EXERCISE REQUIREMENTS —
Nothing but the lines from the first line of the material below through the line that holds "Knee length a-line" should be set down, exactly and with pictures left out.

INFORMATION SUPPLIED —
* * *

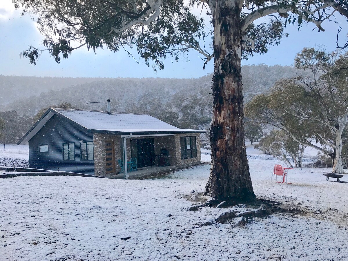 Brand NEW Eco chalet 'The Raven' perched high on the hill with stunning vistas from every window. Only 7km drive to Jindabyne town & 35 mins to snowfields. 50 acres to explore with abundant wildlife, beautiful old Candlebark trees, granite boulders and native grasses. 500m of Mowamba River access where platypus and trout abound. Peaceful and private with glorious sunrises and sunsets. Perfect base for your skiing/ snowboarding, mountain biking, fishing or hiking holiday. Relax, unwind, recharge.
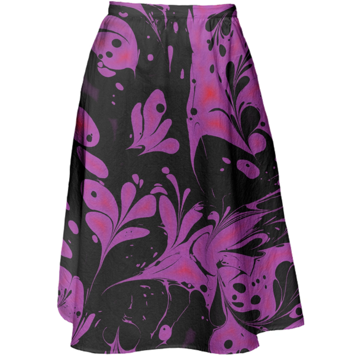 Knee length a-line skirt with a tailored waistband and invisible side seam zipper.
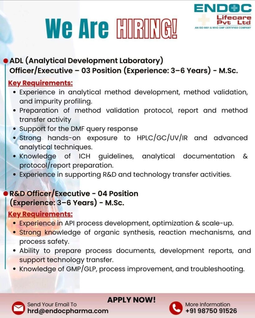 Endoc Lifecare Pvt. Ltd., an ISO 9001 & WHO GMP–certified pharmaceutical company, has released a new hiring announcement for skilled professionals in Analytical Development Laboratory (ADL) and Research & Development (R&D) departments. This is a great opportunity for M.Sc-qualified candidates with 3–6 years of experience who are looking to build a strong career in the pharma industry.

* * *

WRITTEN SOLUTION —
 Brand NEW Eco chalet 'The Raven' perched high on the hill with stunning vistas from every window. Only 7km drive to Jindabyne town & 35 mins to snowfields. 50 acres to explore with abundant wildlife, beautiful old Candlebark trees, granite boulders and native grasses. 500m of Mowamba River access where platypus and trout abound. Peaceful and private with glorious sunrises and sunsets. Perfect base for your skiing/ snowboarding, mountain biking, fishing or hiking holiday. Relax, unwind, recharge.
 Knee length a-line skirt with a tailored waistband and invisible side seam zipper.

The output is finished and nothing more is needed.